Мягким движением руки он убрал розоватую костяную пыль с лица. Бедное дитя, думал он. Трагично, когда они погибают, такие молодые, как эта. И такие красивые. По этикетке он понял, что она до сих пор не опознана, что поразило его своей необычностью, потому что она не выглядела девушкой того сорта, которую никто не станет разыскивать. Да, раньше или позже, но кто-нибудь разыщет ее, значит, надо, чтобы она выглядела прилично. Он осторожно пригладил ее волосы так, чтобы скрыть швы и скобки, и покатил ее назад к ожидавшему пронумерованному ящику в мортуарии.

Когда ты рождаешься и когда ты умираешь, думал он, как думал уже сотни раз до этого, какой-нибудь незнакомец обмывает тебя. Веселенькая она старуха, эта жизнь.

* * *

Погода для января была совершенно глупой, теплой и солнечной, какой и в апреле не бывает, и вдоль всей Кингсуэй в окнах домов стояли желтые нарциссы. Пешеходы выглядели либо нелепыми, будучи одетыми в весеннюю одежду, либо самодовольными и разгоряченными в теплых ботинках и пальто, а люди в очередях на автобусных остановках вдруг стали очень болтливыми.

Только продавец газет снаружи станции Холборн выглядел не изменившимся и неспособным к переменам в своих многослойных свитерах, замасленной шапке и пальто, перетянутом в талии шпагатом. Пальцы его были такими же черными и блестящими, как антрацит от свежей типографской краски, таким же был и кончик носа, который он утирал руками. Он скривился в праведном гневе, когда Слайдер спросил у него, где находится офис Лондонского муниципального оркестра.

– Почему бы вам не купить справочник «От А до Я»? – безжалостно осведомился он. – Я вам что, какой-нибудь траханный Лесли Уэлч, этот дерьмовый Человек-память, или кто?! Я здесь для того, чтобы продавать газеты. Ясно? Га-зе-ты! – подчеркнул он свирепо, как будто Слайдер переспросил у него это слово. Слайдер смиренно заплатил за дневной выпуск «Стандард», спросил дорогу еще раз и получил очень точные указания.

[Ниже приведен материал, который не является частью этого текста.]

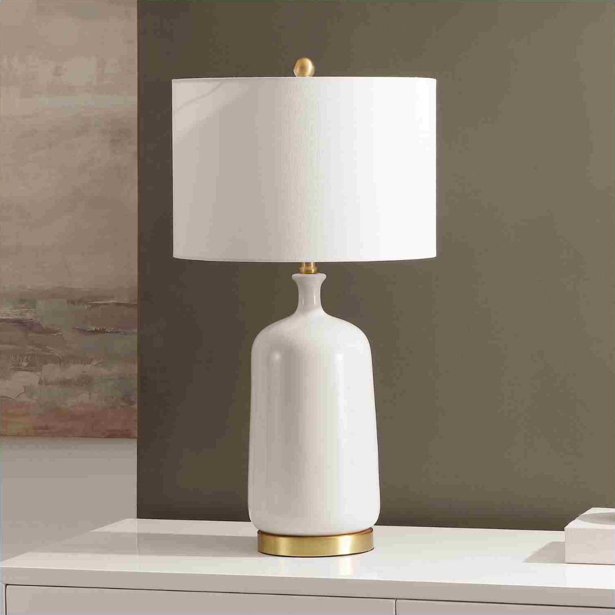 Introducing the Stevie Table Lamp, a seamless blend of elegance and functionality to illuminate your space. Crafted with a creamy ceramic body and complemented by a sleek brass base, this lamp adds a touch of sophistication to any room. The fabric shade diffuses light gently, creating a warm ambiance perfect for reading, working, or relaxing. Brighten up your living room, bedroom, or office with the stylish charm of the Stevie Table Lamp.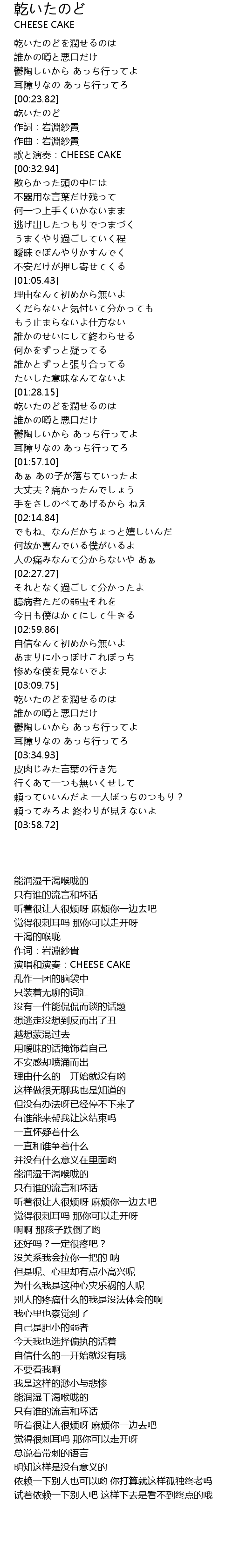 乾いたのど |

– В следующий раз спрашивайте чертова полисмена, – закончил полезным предложением свое объяснение продавец. Неужели настолько очевидно, что я из полиции, с неудовольствием подумал Слайдер, отходя от него.

Офис оказался на третьем этаже здания, знававшего лучшие дни, одного из тех поздних викторианских монстров из красного кирпича и белого камня, нечто среднее между кораблем и гигантским именинным пирогом. Внутри были полы из мраморных плит, стены были закрыты темными панелями, а протестующе кряхтящий лифт стоял, как запертый зверь, в клетке посреди холла, окруженный вьющейся вокруг него лестницей.

На стене у двери висела таблица с расположением организаций, и Слайдер, определив местонахождение офиса, осмотрел лифт и предпочел ему лестницу, вздрогнув, когда лифт, звякая и кренясь, моментом позже пришел в действие и прополз мимо, вызванный кем-то сверху. Слайдеру не понравилась перспектива пребывания лифта над его головой, и он заторопился вверх, пока кольца кабеля, похожие на кишки, таинственно опускались в шахту.